Debate over industry standards for digital assets heats up
FTX CEO and co-founder Sam Bankman-Fried said: Released Draft Set of Possible Digital Asset Industry Standards This is the full federal regulatory system of the United States ( suggestion). Despite positive progress in recent months, The Proposed Standard is an attempt to provide suggestions, initiate a regulatory dialogue, and establish consensus on industry standards.

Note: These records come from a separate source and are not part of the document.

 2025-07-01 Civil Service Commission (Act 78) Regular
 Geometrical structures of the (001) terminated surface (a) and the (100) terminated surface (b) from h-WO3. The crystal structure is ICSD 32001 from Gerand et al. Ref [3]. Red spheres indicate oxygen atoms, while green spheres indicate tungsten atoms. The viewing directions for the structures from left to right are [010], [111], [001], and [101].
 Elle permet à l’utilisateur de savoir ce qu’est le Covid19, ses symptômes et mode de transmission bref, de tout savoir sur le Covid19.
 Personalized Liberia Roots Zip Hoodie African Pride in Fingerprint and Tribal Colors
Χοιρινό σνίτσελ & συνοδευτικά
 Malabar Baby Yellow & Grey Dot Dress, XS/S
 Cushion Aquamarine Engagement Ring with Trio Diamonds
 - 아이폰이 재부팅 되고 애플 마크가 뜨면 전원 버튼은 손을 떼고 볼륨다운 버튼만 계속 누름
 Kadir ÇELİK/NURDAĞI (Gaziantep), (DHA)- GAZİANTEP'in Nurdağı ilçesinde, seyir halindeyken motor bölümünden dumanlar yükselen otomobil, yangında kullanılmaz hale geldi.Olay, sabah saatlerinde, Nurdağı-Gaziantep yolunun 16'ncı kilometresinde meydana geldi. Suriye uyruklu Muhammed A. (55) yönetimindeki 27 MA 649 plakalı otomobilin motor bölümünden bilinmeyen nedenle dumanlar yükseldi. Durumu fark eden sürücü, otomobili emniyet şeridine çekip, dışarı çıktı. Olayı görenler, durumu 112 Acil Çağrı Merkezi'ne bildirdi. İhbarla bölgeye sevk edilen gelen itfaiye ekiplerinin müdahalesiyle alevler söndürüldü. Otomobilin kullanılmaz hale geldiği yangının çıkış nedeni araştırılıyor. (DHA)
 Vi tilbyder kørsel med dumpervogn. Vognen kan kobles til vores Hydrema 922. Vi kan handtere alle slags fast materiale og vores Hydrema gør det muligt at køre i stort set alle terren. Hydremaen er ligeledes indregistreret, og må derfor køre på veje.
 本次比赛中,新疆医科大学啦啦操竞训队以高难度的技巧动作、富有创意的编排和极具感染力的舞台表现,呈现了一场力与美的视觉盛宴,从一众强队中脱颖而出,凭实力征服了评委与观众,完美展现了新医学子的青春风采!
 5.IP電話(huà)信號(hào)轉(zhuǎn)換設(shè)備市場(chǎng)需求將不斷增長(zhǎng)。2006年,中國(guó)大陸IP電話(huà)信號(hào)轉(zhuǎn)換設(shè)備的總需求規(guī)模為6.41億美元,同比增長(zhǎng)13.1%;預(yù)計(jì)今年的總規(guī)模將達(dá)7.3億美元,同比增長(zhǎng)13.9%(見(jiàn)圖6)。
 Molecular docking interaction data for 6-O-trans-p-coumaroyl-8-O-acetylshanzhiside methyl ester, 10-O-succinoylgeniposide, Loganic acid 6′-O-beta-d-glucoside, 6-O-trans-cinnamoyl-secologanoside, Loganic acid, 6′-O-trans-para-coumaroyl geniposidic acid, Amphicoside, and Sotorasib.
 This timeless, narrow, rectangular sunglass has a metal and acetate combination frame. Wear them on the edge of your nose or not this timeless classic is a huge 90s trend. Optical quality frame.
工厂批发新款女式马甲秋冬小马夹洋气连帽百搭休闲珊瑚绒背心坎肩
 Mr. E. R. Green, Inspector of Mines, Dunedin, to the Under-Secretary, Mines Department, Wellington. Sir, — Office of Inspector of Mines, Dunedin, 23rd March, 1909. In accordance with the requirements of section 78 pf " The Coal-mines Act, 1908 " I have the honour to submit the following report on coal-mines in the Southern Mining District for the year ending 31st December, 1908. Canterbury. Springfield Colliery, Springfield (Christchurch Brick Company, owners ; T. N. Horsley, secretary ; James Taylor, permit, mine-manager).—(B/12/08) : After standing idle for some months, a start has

The proposal covers hacking and accountability, asset lists, tokenized equities, consumer protection, sanctions compliance, DeFi, and stablecoins. Start by considering how to negate the effects of hacking. outstanding problem in the last few months. The proposal proposes the “5-5 standard” as a consensus negotiation standard between the victim protocol and the hacker in the event of a hack. As standard, he maintains 5% or $5 million (whichever is lower) as a bug bounty, while only needing to make sure the protocol reserves are sufficient to complete the customer. amount must be returned to the hacker.
Then, perhaps unsurprisingly, the proposal describes which digital assets can and cannot be listed on exchanges. According to the proposal, FTX’s legal team will: howie test and other relevant case law and guidance. If an asset is considered a security, it will be treated as such. If an asset does not turn out to be a security, FTX generally treats it as a non-securities instrument unless otherwise directed by the SEC or a court of competent jurisdiction. Ultimately, Bankman-Fried hopes that registration of digital asset securities will be done in a way that protects consumers and enables innovation.
The proposal also focuses on consumer protection and encourages crackdowns on assets that misrepresent or make misleading claims to consumers. Bankman-Fried also suggests that by default, especially in the case of retail, the system should not meaningfully operate on credit. This is because retail investors should not lose more than they have deposited on the platform. As such, the credit given by the platform should be scrutinized if there is a potential for social loss among other innocent investors on the platform.
Sanctions compliance and DeFi proposals, including a proposal that DeFi front-ends could be licensed and incorporate sanctions screening, have sparked controversy among some DeFi advocates.
The proposal has made a useful contribution to the regulatory debate on digital assets and has helped spark debate on industry regulatory standards. Many prominent crypto personalities Commented on the proposal, including Erik Voorhees, founder of ShapeShift. live online debate Discussed with Bankman-Fried the merits of the proposed standard. This debate is expected to intensify for some time to come.